Description of the task >> A faithful transcription is wanted of the lines from the top of the material through the line that holds "שולחן ביסטרו מעוצב", both ends included, leaving out the pictures.

Source material >>
BEGIN
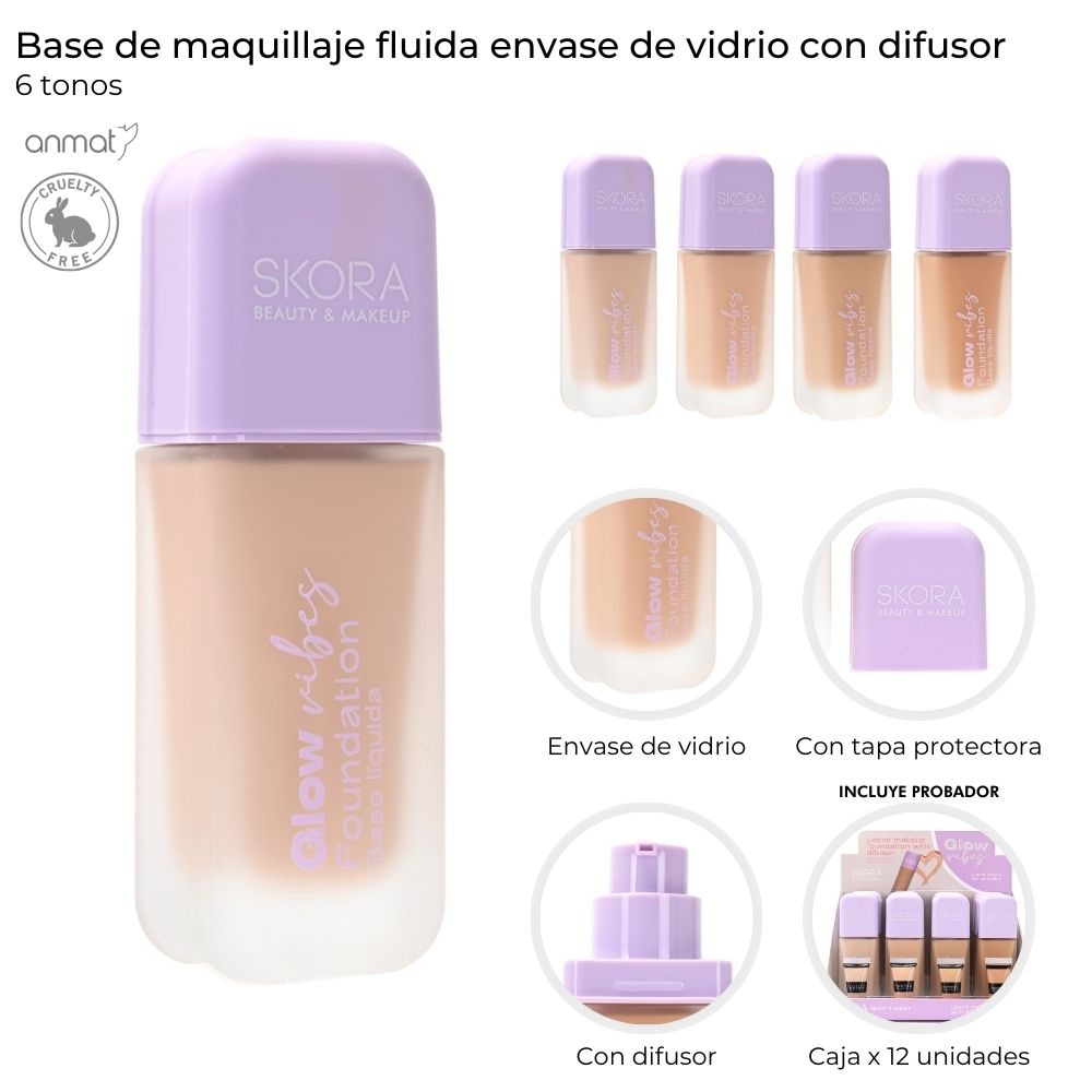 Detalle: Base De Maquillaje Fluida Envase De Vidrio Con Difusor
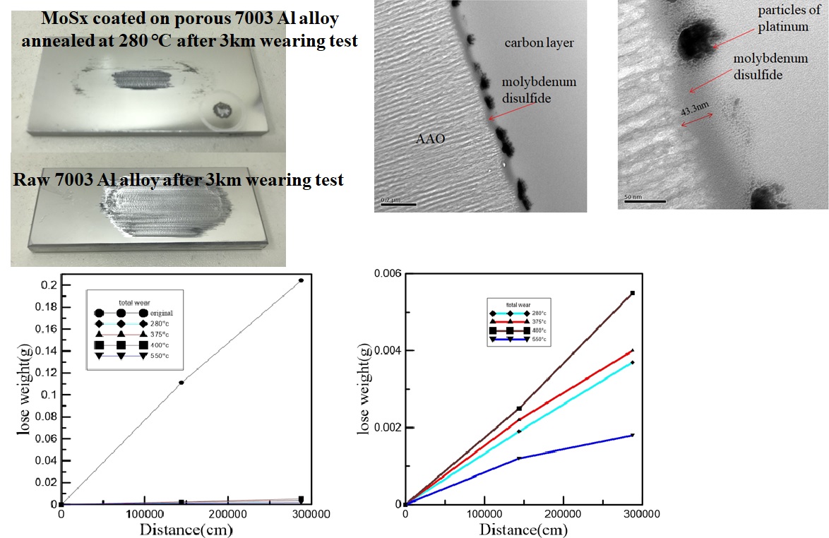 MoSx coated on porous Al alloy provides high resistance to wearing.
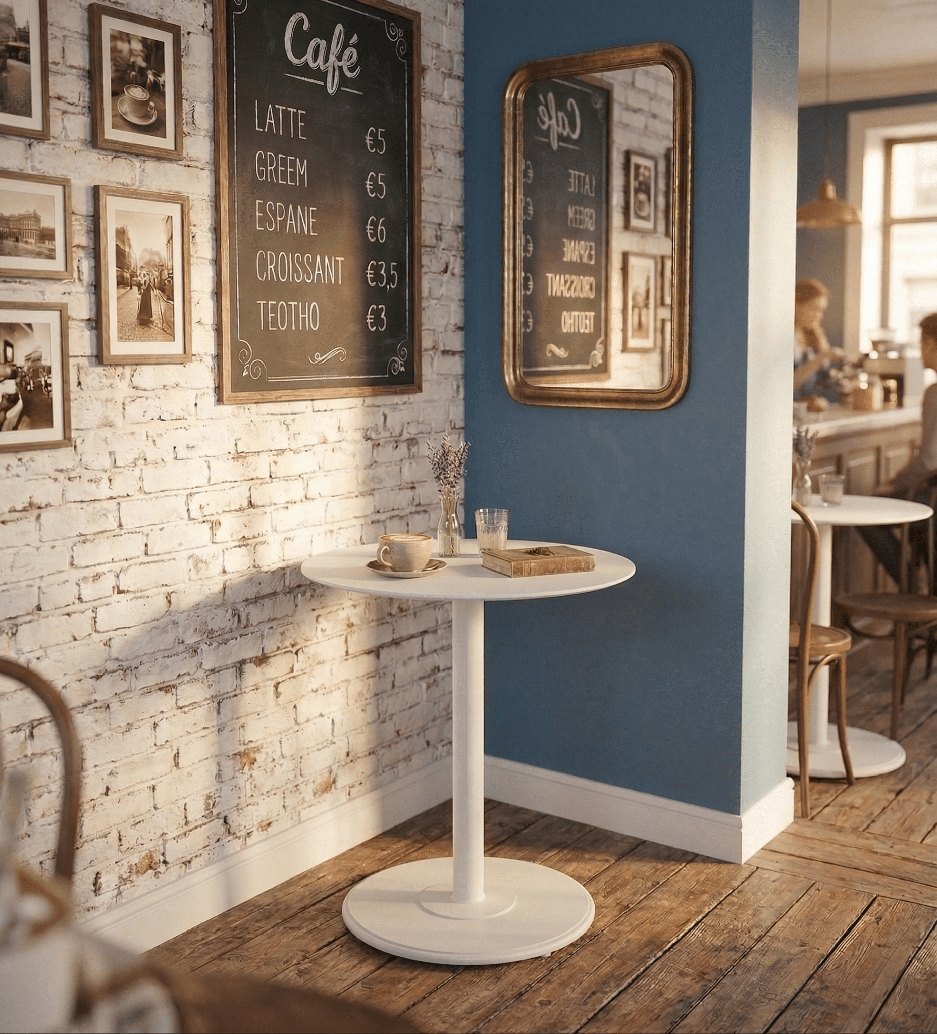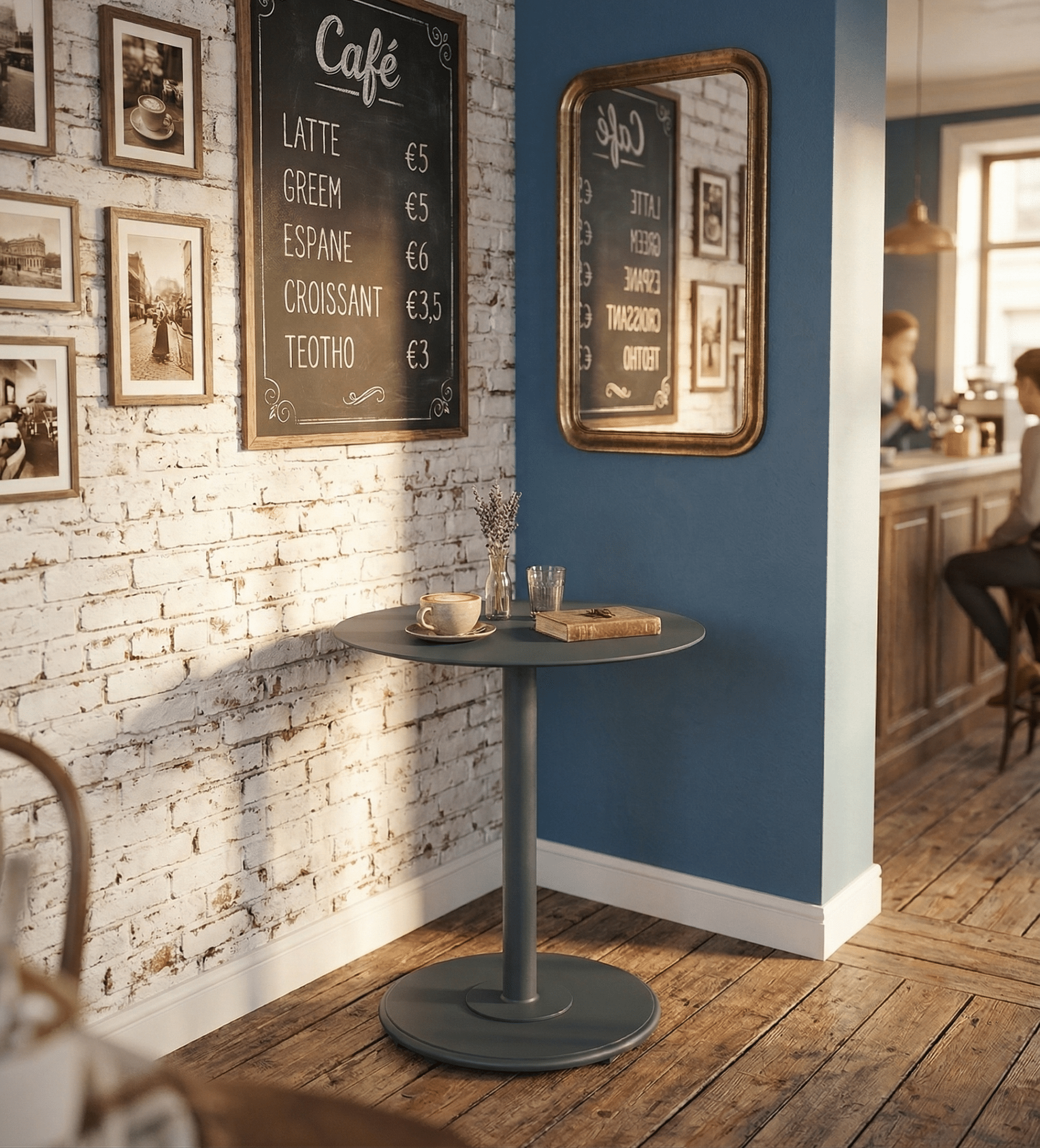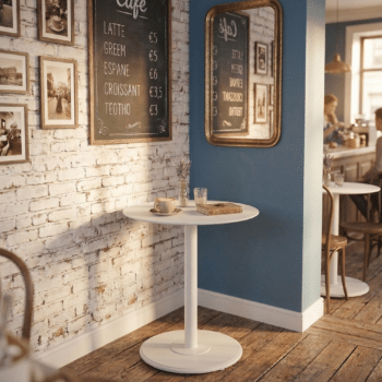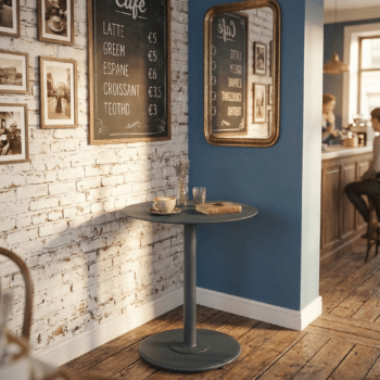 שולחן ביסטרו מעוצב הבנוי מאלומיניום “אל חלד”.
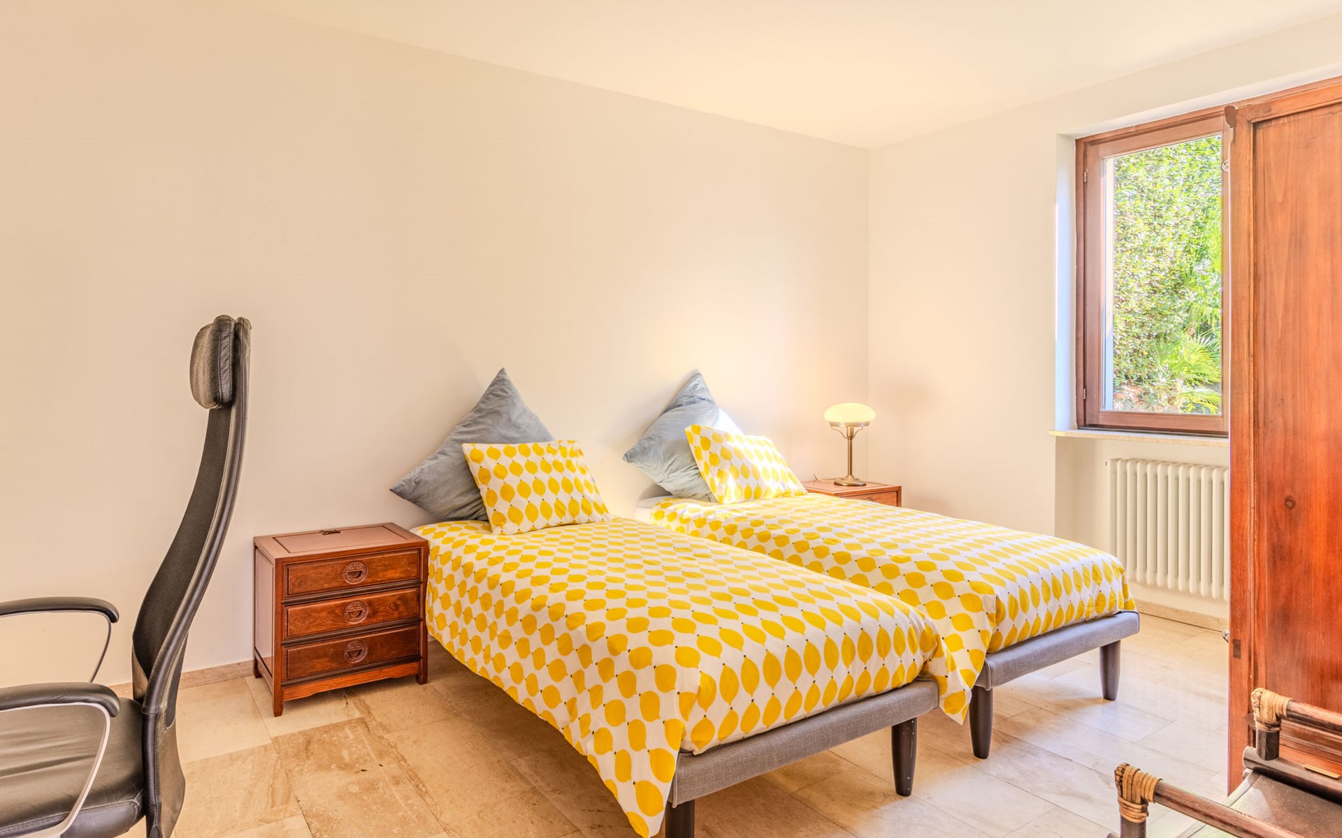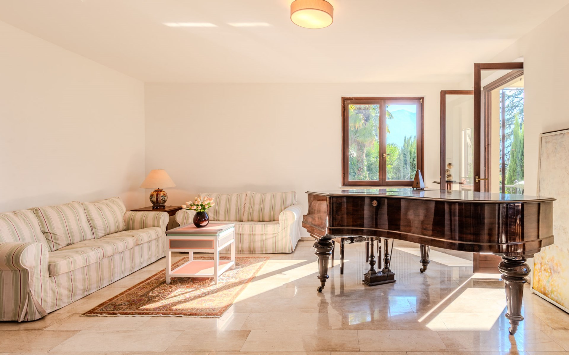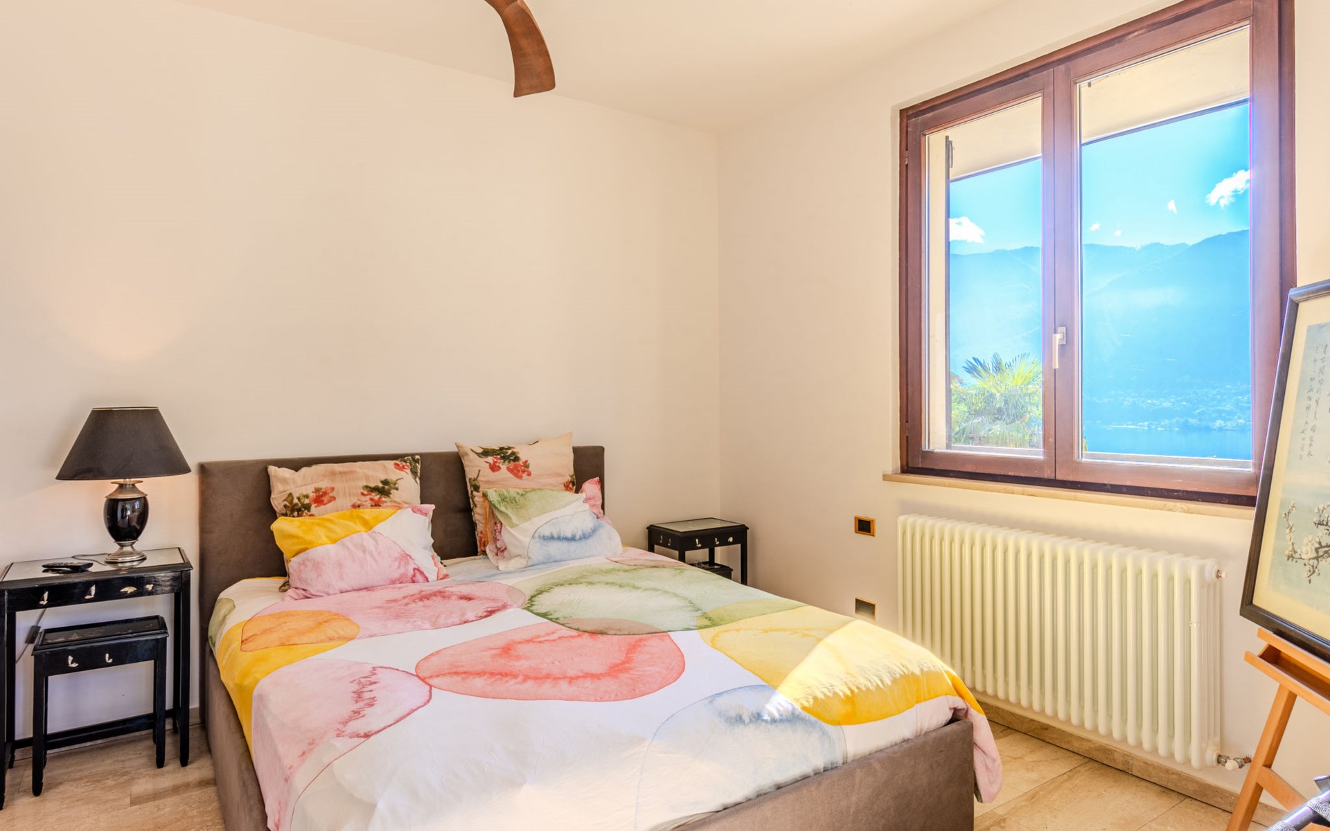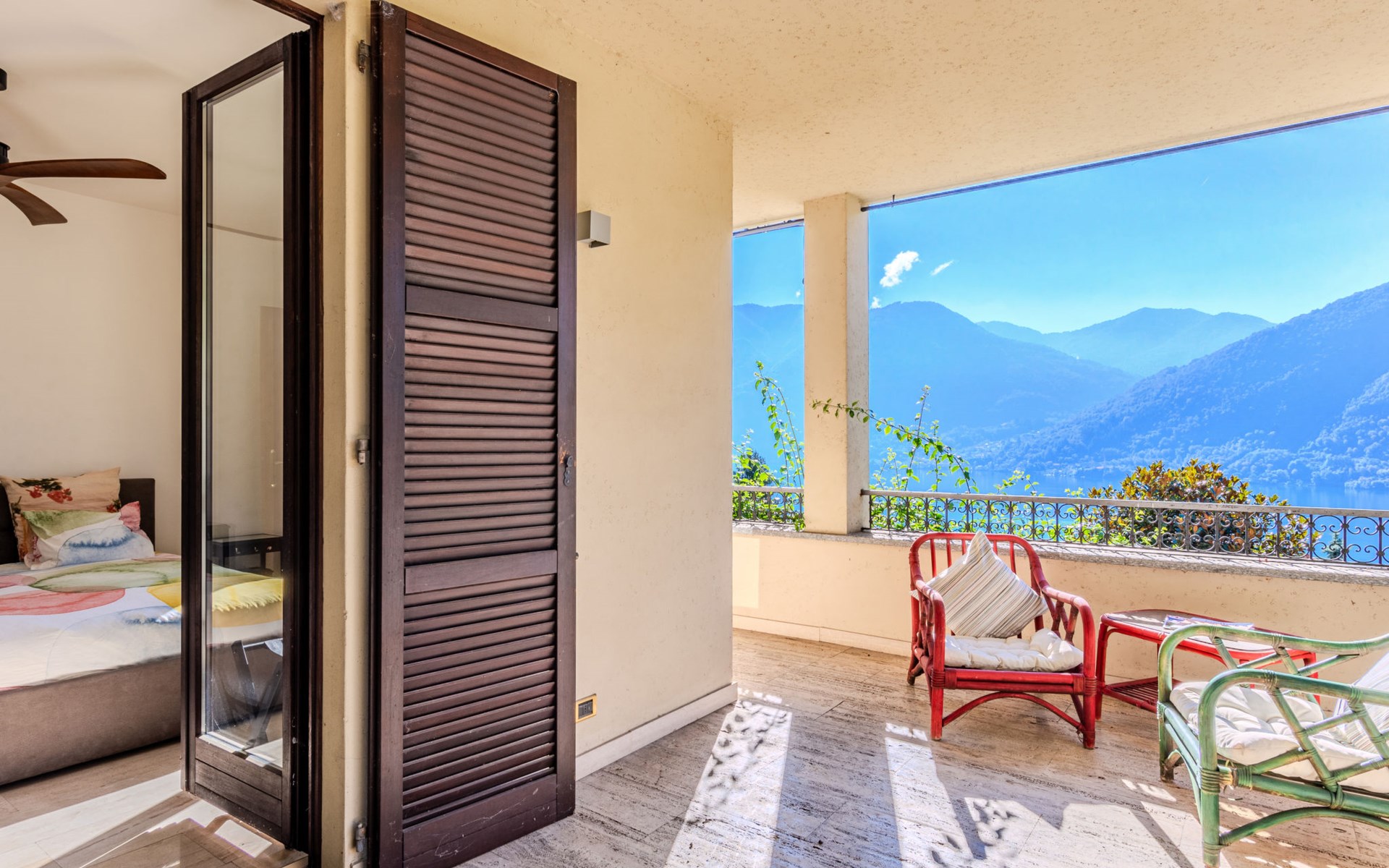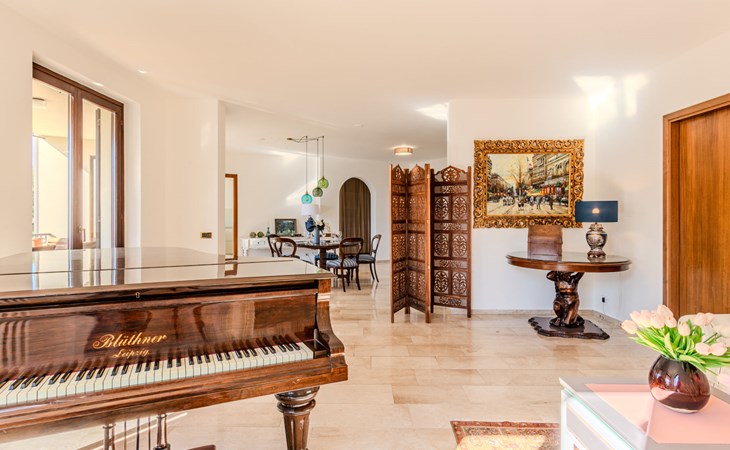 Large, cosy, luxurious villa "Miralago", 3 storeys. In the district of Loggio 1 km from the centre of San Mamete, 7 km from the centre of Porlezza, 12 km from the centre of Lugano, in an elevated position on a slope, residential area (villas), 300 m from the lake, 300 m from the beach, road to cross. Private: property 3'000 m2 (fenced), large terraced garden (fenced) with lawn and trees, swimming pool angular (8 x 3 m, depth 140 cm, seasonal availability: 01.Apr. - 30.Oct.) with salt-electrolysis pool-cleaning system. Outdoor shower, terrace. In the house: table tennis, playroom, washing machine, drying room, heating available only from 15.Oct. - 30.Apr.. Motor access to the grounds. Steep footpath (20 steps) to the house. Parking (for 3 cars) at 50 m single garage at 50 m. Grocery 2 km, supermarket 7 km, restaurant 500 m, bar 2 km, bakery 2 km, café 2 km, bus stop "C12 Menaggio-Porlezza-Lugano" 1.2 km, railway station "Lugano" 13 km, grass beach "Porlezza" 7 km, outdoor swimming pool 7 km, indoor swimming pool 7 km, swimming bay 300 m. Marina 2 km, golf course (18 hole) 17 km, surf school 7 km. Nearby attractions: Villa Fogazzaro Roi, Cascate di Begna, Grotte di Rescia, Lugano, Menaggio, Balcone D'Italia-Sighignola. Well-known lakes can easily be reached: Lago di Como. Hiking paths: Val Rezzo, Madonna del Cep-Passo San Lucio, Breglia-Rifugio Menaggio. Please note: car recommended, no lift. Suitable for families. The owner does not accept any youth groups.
END
Result of the task >>
 Detalle: Base De Maquillaje Fluida Envase De Vidrio Con Difusor
 MoSx coated on porous Al alloy provides high resistance to wearing.
 שולחן ביסטרו מעוצב הבנוי מאלומיניום “אל חלד”.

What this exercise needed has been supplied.